#### EXTRACTED RECORDS:
○ ○ ○ ○ ○ ○ ○
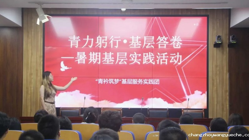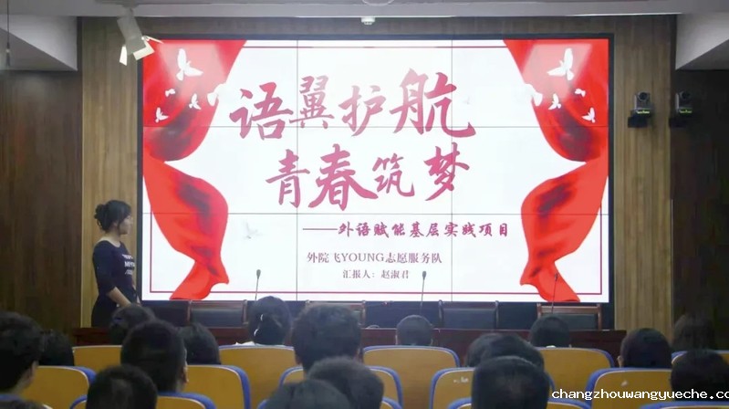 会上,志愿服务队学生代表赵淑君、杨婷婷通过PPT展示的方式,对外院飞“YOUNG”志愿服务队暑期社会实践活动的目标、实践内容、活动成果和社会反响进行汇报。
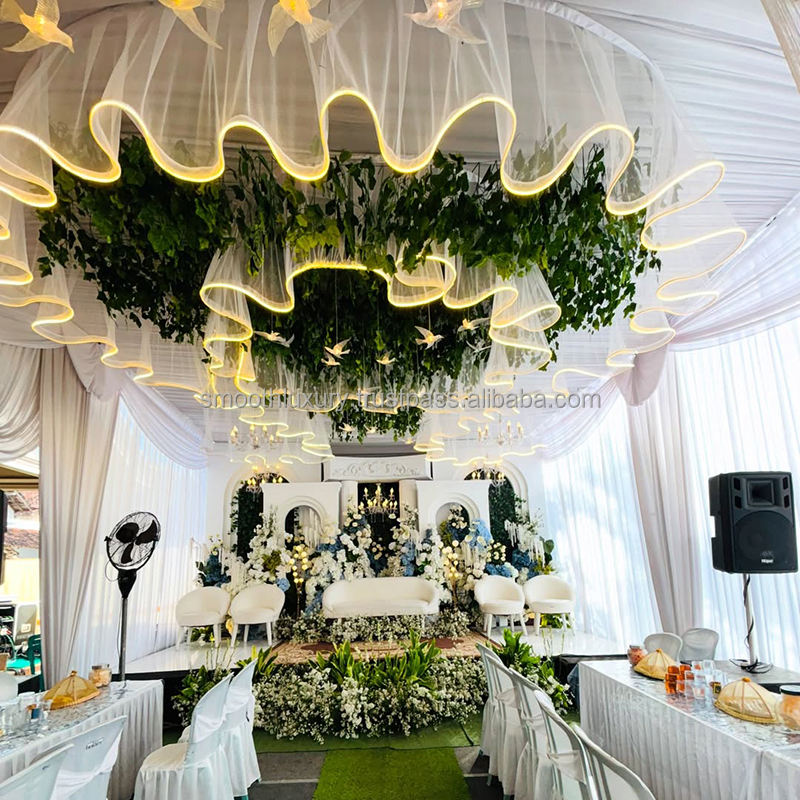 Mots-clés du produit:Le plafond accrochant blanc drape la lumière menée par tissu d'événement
○ ○ ○ ○ ○ ○ ○
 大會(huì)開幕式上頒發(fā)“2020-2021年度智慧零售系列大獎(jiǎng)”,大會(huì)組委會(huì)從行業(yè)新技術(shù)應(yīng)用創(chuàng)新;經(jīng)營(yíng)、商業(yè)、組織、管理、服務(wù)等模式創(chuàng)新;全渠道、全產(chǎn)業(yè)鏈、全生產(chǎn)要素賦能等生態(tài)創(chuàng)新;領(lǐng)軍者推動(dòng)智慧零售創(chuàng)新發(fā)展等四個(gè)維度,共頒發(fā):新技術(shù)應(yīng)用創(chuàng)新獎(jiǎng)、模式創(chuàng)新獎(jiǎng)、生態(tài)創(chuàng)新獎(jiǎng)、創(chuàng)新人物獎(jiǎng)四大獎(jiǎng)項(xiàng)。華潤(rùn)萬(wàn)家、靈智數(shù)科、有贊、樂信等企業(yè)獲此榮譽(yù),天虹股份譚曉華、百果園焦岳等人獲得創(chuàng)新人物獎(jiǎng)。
○ ○ ○ ○ ○ ○ ○
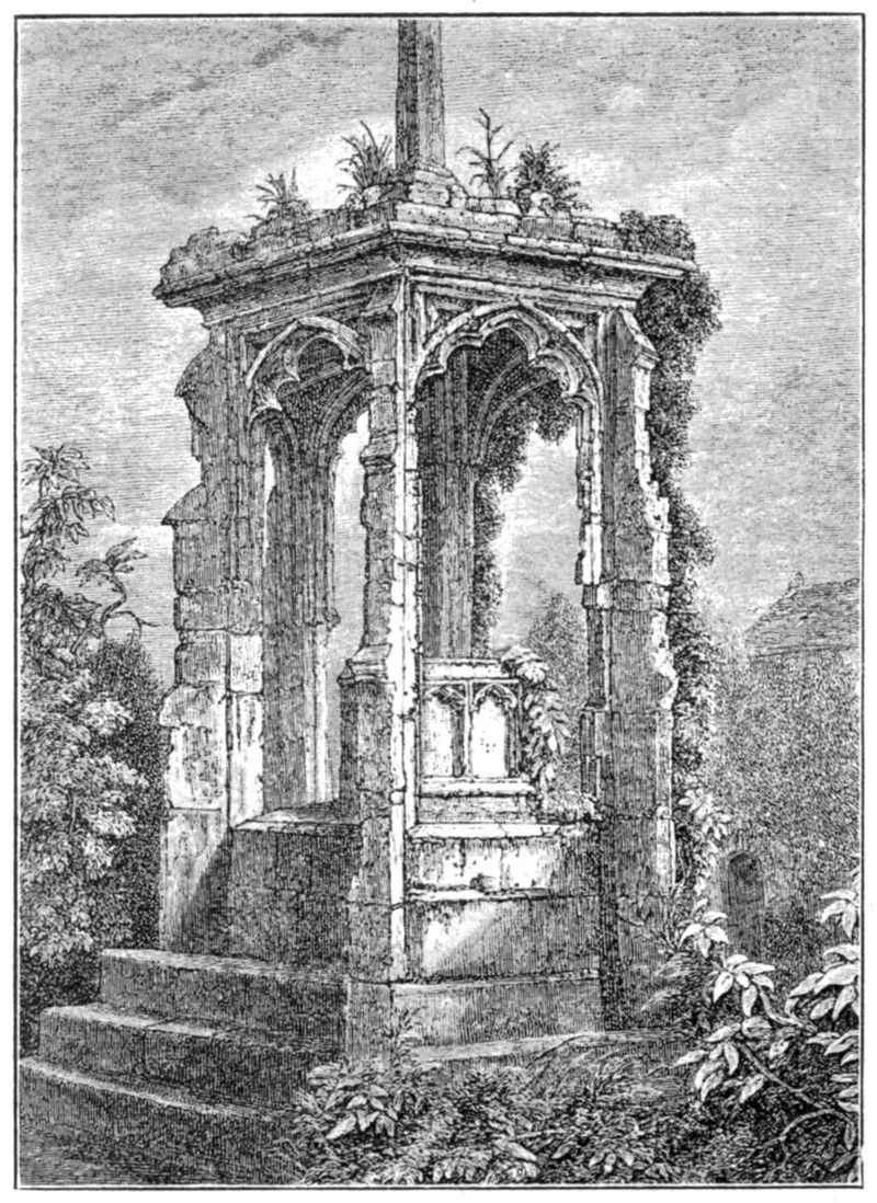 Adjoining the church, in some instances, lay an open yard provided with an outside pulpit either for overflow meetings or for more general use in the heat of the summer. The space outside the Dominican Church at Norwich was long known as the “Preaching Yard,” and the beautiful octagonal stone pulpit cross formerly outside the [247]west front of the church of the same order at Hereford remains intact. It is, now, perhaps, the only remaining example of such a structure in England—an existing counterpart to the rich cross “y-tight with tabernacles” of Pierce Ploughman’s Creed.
○ ○ ○ ○ ○ ○ ○
#### ACTION ITEM:
What should come back is an exact copy of the lines above from the line with "会上,志愿服务队学生代表赵淑" to the line with "Mots-clés du produit:Le", both included, minus the pictures.

#### RESULT BELOW:
 会上,志愿服务队学生代表赵淑君、杨婷婷通过PPT展示的方式,对外院飞“YOUNG”志愿服务队暑期社会实践活动的目标、实践内容、活动成果和社会反响进行汇报。
 Mots-clés du produit:Le plafond accrochant blanc drape la lumière menée par tissu d'événement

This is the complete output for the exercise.